VIEWPOINTS OF A COMMODITY TRADER

Expect The Unexpected

Garbage In – Garbage Out

Friday, August 14th, 2009

GarbageLike any other effort in science, the back test can vary from shallow and useless to very useful. It is a matter of the quality of information that forms the test. A shallow back test, and the discipline to stick with it, is a recipe for disaster.

The quality of information determines the significance in the numbers. Probabilities are wonderful, but they are only as good as the quality of information that forms them. Information, such as the logic behind the method is critical. It is impossible to trust the interpretation of past data where logic is absent.

In his book “Fooled by Randomness” Nassim Nicholas Taleb illustrates this problem by saying:

“I have just completed a thorough statistical examination of the life of George Bush. For 55 years, close to 16,000 observations he did not die once.
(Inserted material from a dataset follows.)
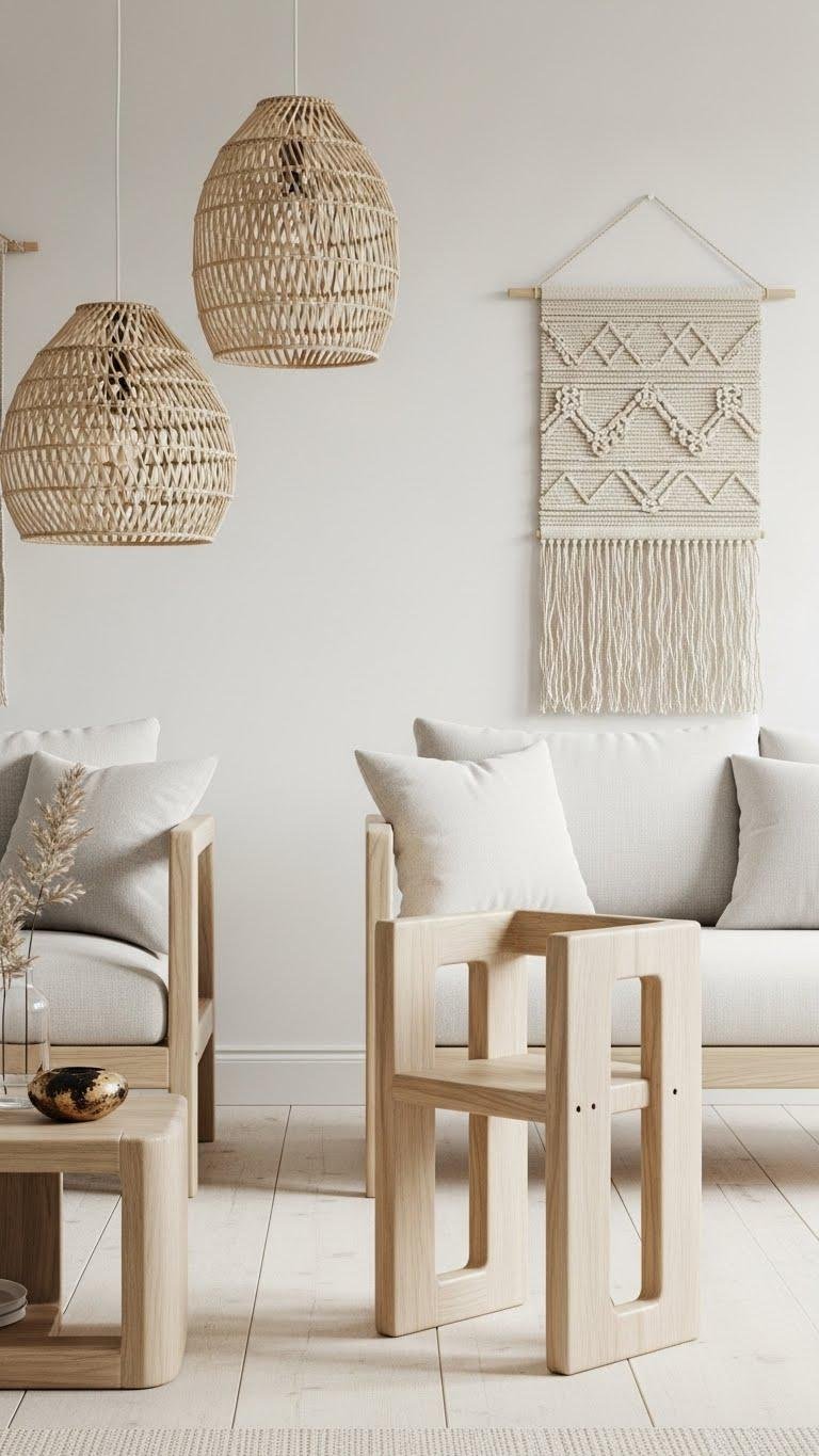 Pair with woodgrain lamps for soft glow and effortless calm.

I can hence pronounce him as immortal, with a high degree of statistical significance”.

This is not logical, even though there is a large sample of observations. The statistics should shed light on the logical intuitions of the developer.  In other words, it must make sense.

If a particular intuition is being tested (for example 20 day breakouts) it has a much higher degree of significance than throwing the computer at data and scanning for relationships. I’m sure with enough data we can find the relationship between Federal Reserve tightening and Federal Express deliveries, but it won’t have any significance.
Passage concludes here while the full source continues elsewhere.